### WHAT THE TASK ASKS
Lift out, unaltered, the lines of the material below between the line holding "Color Gradient Face" and the line holding "Για Motorola Moto", counting both.

### EXERCISE DATA

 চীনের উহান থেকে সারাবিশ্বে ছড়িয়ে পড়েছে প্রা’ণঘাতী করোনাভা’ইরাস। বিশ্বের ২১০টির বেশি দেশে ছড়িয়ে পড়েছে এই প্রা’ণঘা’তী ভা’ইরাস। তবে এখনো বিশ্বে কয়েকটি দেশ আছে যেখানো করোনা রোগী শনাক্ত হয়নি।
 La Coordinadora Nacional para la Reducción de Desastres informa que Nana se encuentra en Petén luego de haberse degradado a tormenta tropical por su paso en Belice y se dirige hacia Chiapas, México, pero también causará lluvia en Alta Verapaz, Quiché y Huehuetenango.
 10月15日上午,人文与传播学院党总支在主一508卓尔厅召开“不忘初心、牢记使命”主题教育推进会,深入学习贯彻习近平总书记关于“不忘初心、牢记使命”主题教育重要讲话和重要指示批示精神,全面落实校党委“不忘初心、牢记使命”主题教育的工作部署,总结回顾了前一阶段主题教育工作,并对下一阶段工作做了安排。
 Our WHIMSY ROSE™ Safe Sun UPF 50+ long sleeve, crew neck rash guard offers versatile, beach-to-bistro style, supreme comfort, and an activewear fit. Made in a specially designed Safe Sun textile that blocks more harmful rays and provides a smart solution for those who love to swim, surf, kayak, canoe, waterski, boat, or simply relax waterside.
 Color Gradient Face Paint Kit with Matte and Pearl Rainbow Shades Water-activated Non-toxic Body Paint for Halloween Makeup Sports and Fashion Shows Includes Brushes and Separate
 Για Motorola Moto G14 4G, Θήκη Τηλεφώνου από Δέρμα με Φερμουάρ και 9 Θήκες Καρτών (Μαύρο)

...

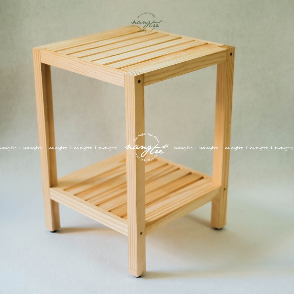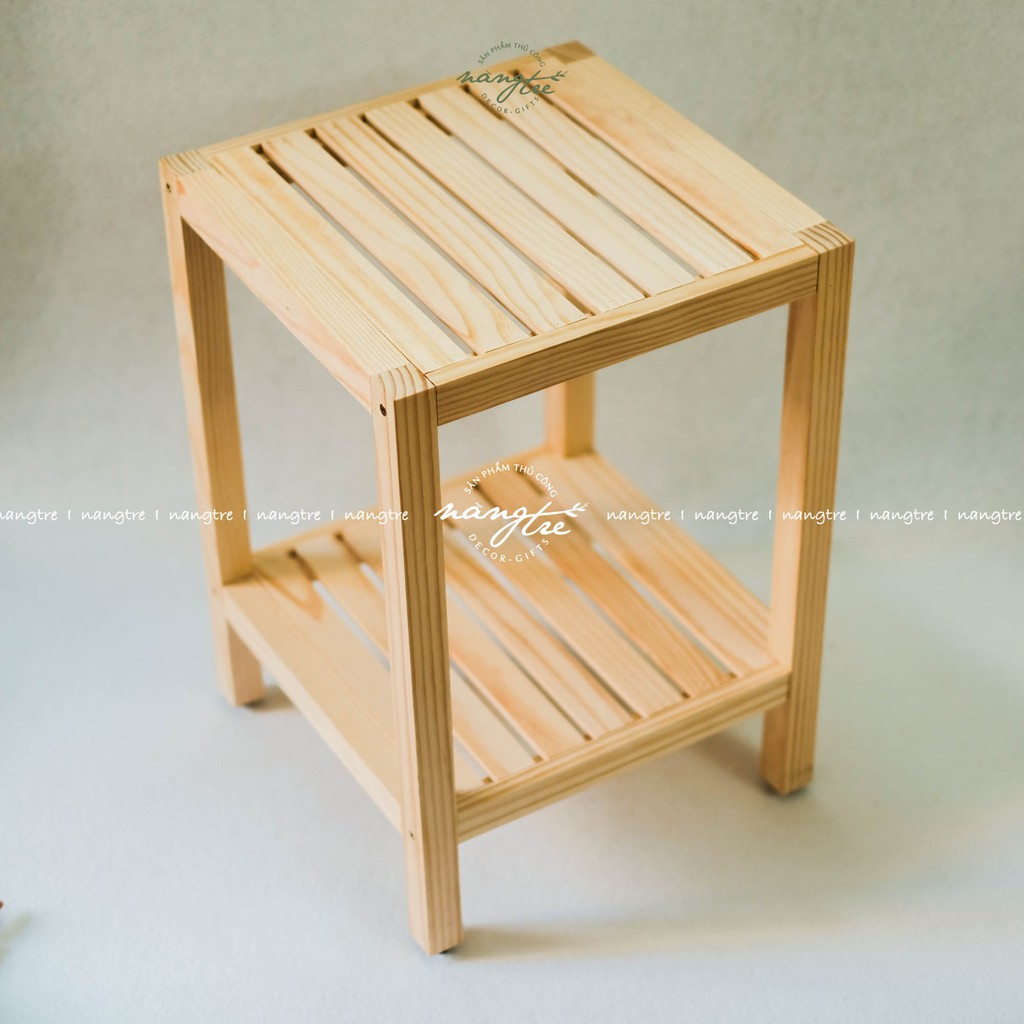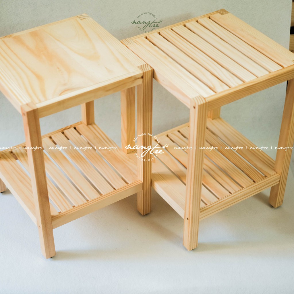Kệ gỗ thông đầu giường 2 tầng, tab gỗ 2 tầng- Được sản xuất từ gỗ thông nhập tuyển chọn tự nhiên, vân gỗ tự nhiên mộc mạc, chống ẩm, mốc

==

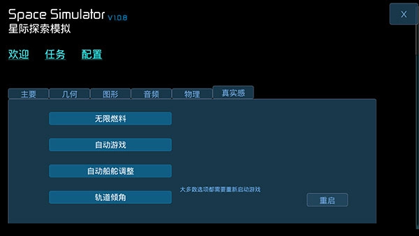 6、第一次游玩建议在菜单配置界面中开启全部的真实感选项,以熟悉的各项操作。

### ANSWER TO THIS PROBLEM
 Color Gradient Face Paint Kit with Matte and Pearl Rainbow Shades Water-activated Non-toxic Body Paint for Halloween Makeup Sports and Fashion Shows Includes Brushes and Separate
 Για Motorola Moto G14 4G, Θήκη Τηλεφώνου από Δέρμα με Φερμουάρ και 9 Θήκες Καρτών (Μαύρο)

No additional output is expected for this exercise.